Everything to live for

by Airman Larissa Greatwood
86th Airlift Wing Public Affairs

Many times there are difficult obstacles to overcome in life. Not only can these obstructions be mentally and physically challenging to individuals, but they can be painful to discuss with others.

Staff Sgt. Craig West, 693rd Intelligence Support Squadron plans and installation manager, struggled from a young age to cope with certain dynamics in his life. To this day, he still finds it hard to accept the haunting reality of his past decisions.

“We all have things in life that are hard to admit or discuss,” West said. “The hardest thing that I’ve had to admit to myself is that I’m gay and tried to commit suicide.”

Because of West’s upbringing, he felt shameful for being homosexual, because most people in the town he grew up in were traditional and conservative.

“Where I grew up, you were Catholic,” West said. “If you weren’t Catholic, you were Methodist. It was a very conservative area. Being gay in that area doesn’t happen.”

Growing up, West knew he was different from his peers. He felt out of place around everyone in school.
“Going through high school, I wasn’t like the rest of the guys,” West said. “I wasn’t looking at girls.”

Though he didn’t participate in chasing women, no one knew he was gay. In fact, he was terrified to let anyone in on his secret.

“When I was a sophomore my cousin, Allen, came out to my family,” he said. “My father and his two brothers gave him 24 hours to get out of the state. I didn’t want that to happen to me, so I hid it. I hid it so well that no one had a single clue.”

West grew to hate himself. He focused his emotions on school and tried to numb himself from the pain he felt. He knew if he told anyone, they would reject him, especially the ones he loved most — his family.

“I went off to college and buried myself in work,” West said. “I was doing 18 to 22 credit hours a semester, working two to three jobs, doing anything to keep myself preoccupied. I started shutting down my emotions. The only emotion I couldn’t shut down was my hate toward myself.”

Despite depression, West was able to graduate from college. A week after he graduated, he lost his job. West knew he had to do something more with his life.

“I spent the summer bumming around, then joined the Air Force,” West said. “From there I was stationed at Andrews Air Force Base.”

Though West had a steady career, self-hatred lingered and depression continuously progressed.

“It got to the point where if anyone would say anything to me, even ‘Good morning,’ I would just snap,” West said. “It was the kind of anger that was just beyond words. It left me feeling alone. I wouldn’t talk to anyone because, if I did, I’d get thrown out of the military. I didn’t want to get thrown out, because I actually enjoyed my job. I lost myself in that world. The anger finally subsided.”

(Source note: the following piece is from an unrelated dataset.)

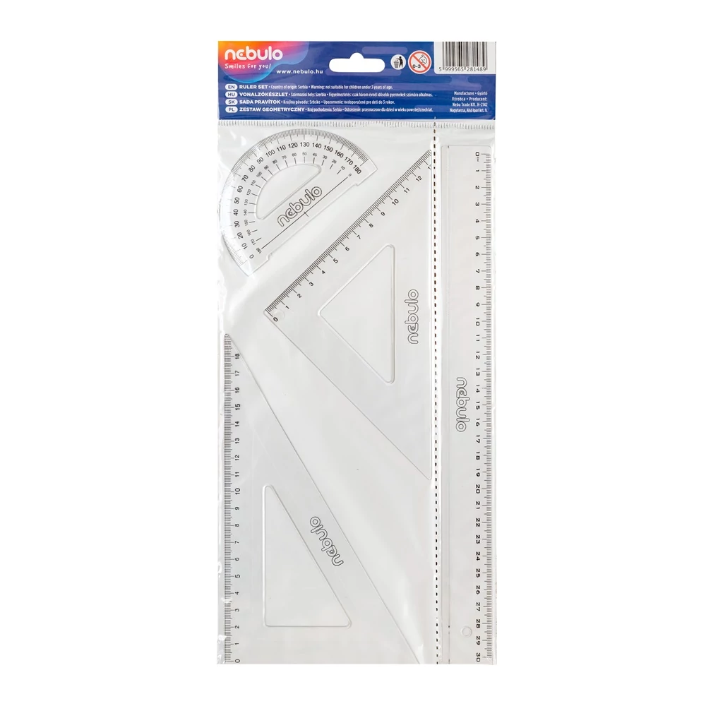 Iskolai vonalzókészlet jól olvasható számskálával. A készlet tartalma: 1 db 30 cm-es egyenes vonalzó; 1 db 60°-os, 18 cm-es számskálájú háromszög vonalzó; 1 db 45°-os, 13 cm-es számskálájú egyenlő szárú háromszög vonalzó; 1 db szögmérő. Katalóguskód: 27202 Hiteles tájékoztatás: Elkötelezettek vagyunk termékeink biztonságának garantálásáért, nyomon követjük a termékbiztonsággal kapcsolatos valamennyi európai uniós és hazai szabályozást és biztosítjuk termékeink azoknak történő megfelelését. Az EU 2023/988-as számú Általános Termékbiztonsági Rendeletét (GPSR) is alkalmazzuk, így ha a termékeink biztonságát illetően fogyasztóként kérdése, észrevétele van, vagy esetleg balesetről van tudomása, kérjük, írja meg nekünk. GPSR: Nebu Trade Kft. H-2142 Nagytarcsa, Alsó Ipari krt. 9.;lb@nebutrade.hu; https://www.nebulo.hu/

His happiness eventually diminished, and the frustration returned. He couldn’t help but feel trapped, not able to truly be himself.

“I went to Osan, Korea, and couldn’t hide my anger anymore,” West said. “Seeing other gays and lesbians flaunt it like they hadn’t a care in the world, the anxiety, depression and anger nearly got the best of me.”

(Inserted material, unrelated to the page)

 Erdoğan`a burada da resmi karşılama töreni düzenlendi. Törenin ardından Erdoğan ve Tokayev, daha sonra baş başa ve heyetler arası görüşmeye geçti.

Because the military had not yet repealed “don’t ask, don’t tell,” West’s career was on the line if he opened up to anyone. His inability to talk about his homosexuality led him to attempt to hang himself.

“I went to the (base exchange), bought some rope and tried to hang myself in the empty dorm above mine. I don’t remember much of what happened,” he said. “All I remember is a friend of mine cradling my head in his lap and saying, ‘Everything will be OK.’ Thankfully, John stayed with me the entire weekend; he wouldn’t let me be alone. It turned out that John was also gay. He helped me put myself back together. I started to realize that being gay, being different, isn’t such a bad thing.”

With the help of his friend, West was able to see clearer and decided to lead a more enjoyable life. He felt genuinely happier and surrounded himself with positive people.

“I finished my tour at Osan and decided it was time to live life,” West said. “I started going out and actually worked up the nerve to go to a gay bar. I met the most incredible person in my life that night. He made me feel like I mattered and that I could be loved. He helped me put my life back together.”

Jess was the person in whom West confided. They had unconditional love and support for each other. Through the good and bad times, their bond strengthened, until one deployment changed everything.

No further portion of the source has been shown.